### Work to complete
Print, with no pictures, the exact lines that run from the one containing "Half Rack Of" through the last line of the material below, both ends included.

▶

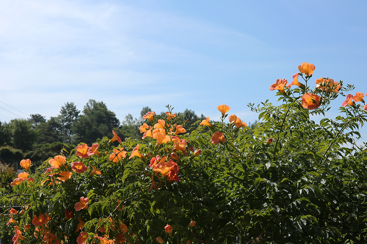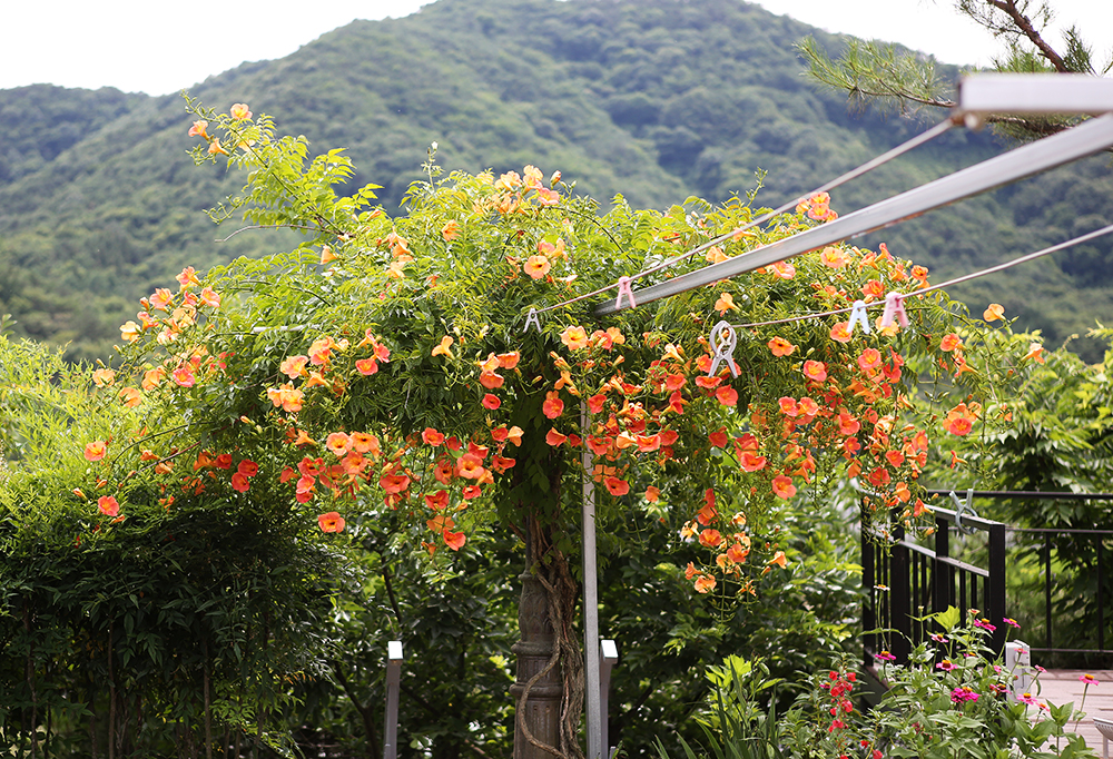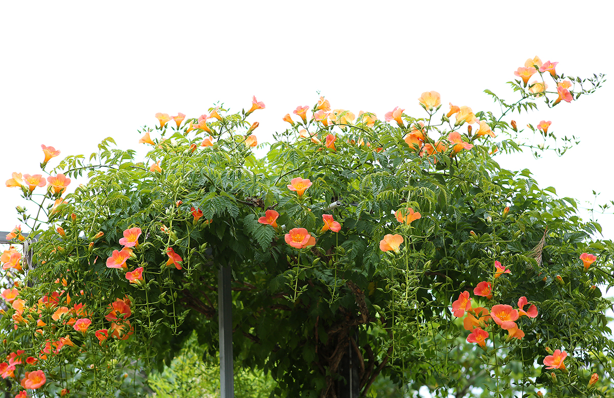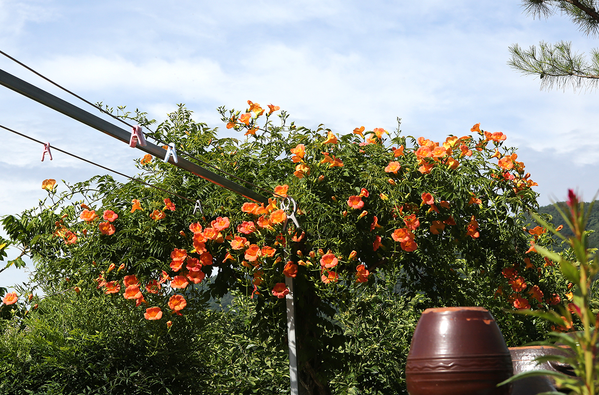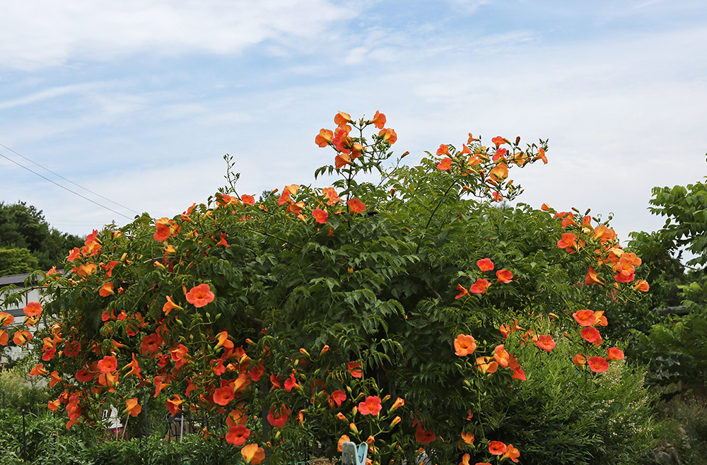 겨울에 능소화의 가지치기를 해 주었는데 당년지 가지에서 꽃이 피는 능소화가 올 여름엔 제법 모양새가 납니다.
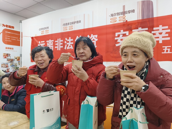 活动的最后,瑞芝康健的工作人员为现场每一位居民送上了一碗热气腾腾的腊八粥。粥里饱满的红豆、软糯的糯米、香甜的红枣,搭配着多种谷物,不仅营养丰富,更承载着浓浓的节日祝福。居民们手捧暖粥,围坐在一起,边吃边聊,脸上洋溢着幸福的笑容。“这碗腊八粥喝着真暖心,社区和养老服务中心想得太周到了!” 一位老年居民感动地说。大家在品尝美味腊八粥的同时,交流着生活趣事,分享着节日喜悦,邻里之间的距离在欢声笑语中悄然拉近。
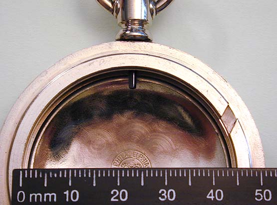 John, your case definitely has that "unused but slightly shopworn" look to it. As I said above except for the "Imitation Silver U.S.A." it looks like any other Phiadelphia 18-size open-face case. But again, the exact lever position may vary with different watch movements.
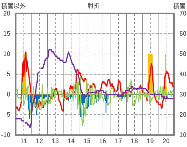 | 日 | 時 | 気温 | 降水 | 風向/風速 | 日照 | 積雪 | 降雪 |
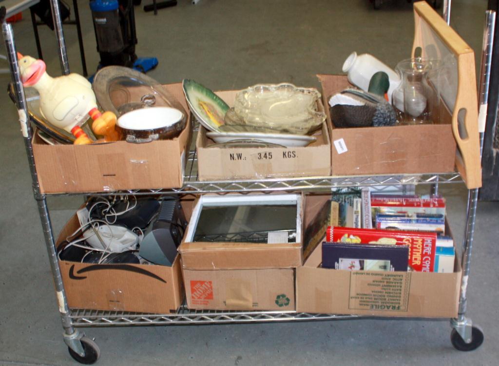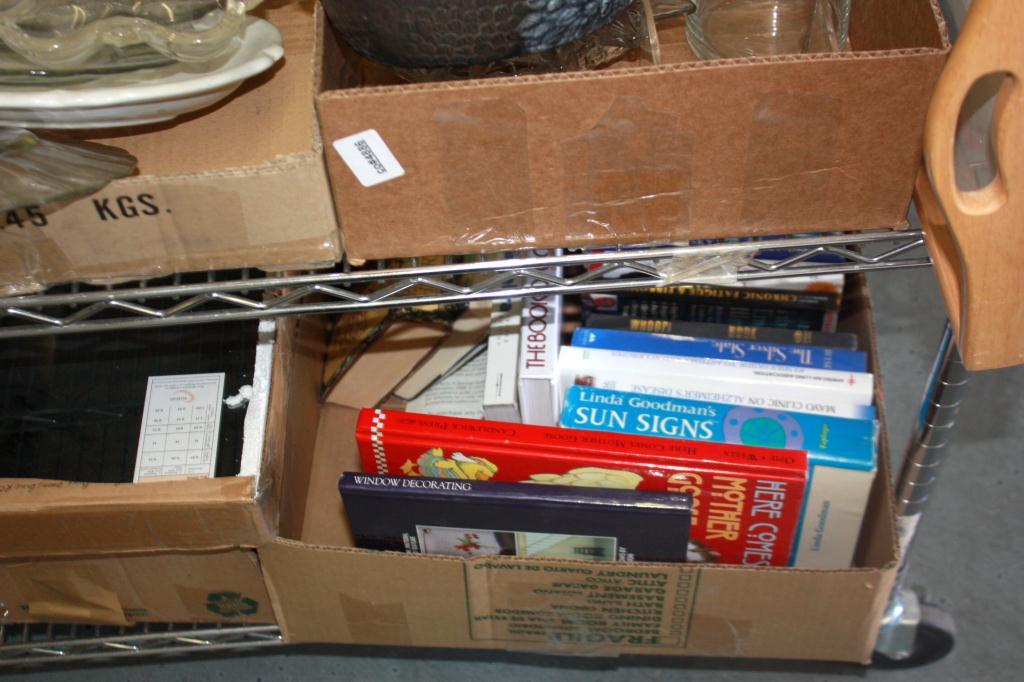 Half Rack Of Misc. Books, Glasses, Trays,
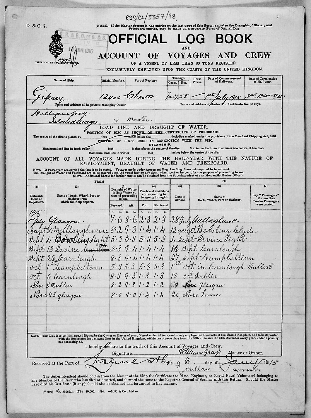 1915 crew list for the vessel 'GIPSEY'

◀

### Reply to the exercise
 Half Rack Of Misc. Books, Glasses, Trays,
 1915 crew list for the vessel 'GIPSEY'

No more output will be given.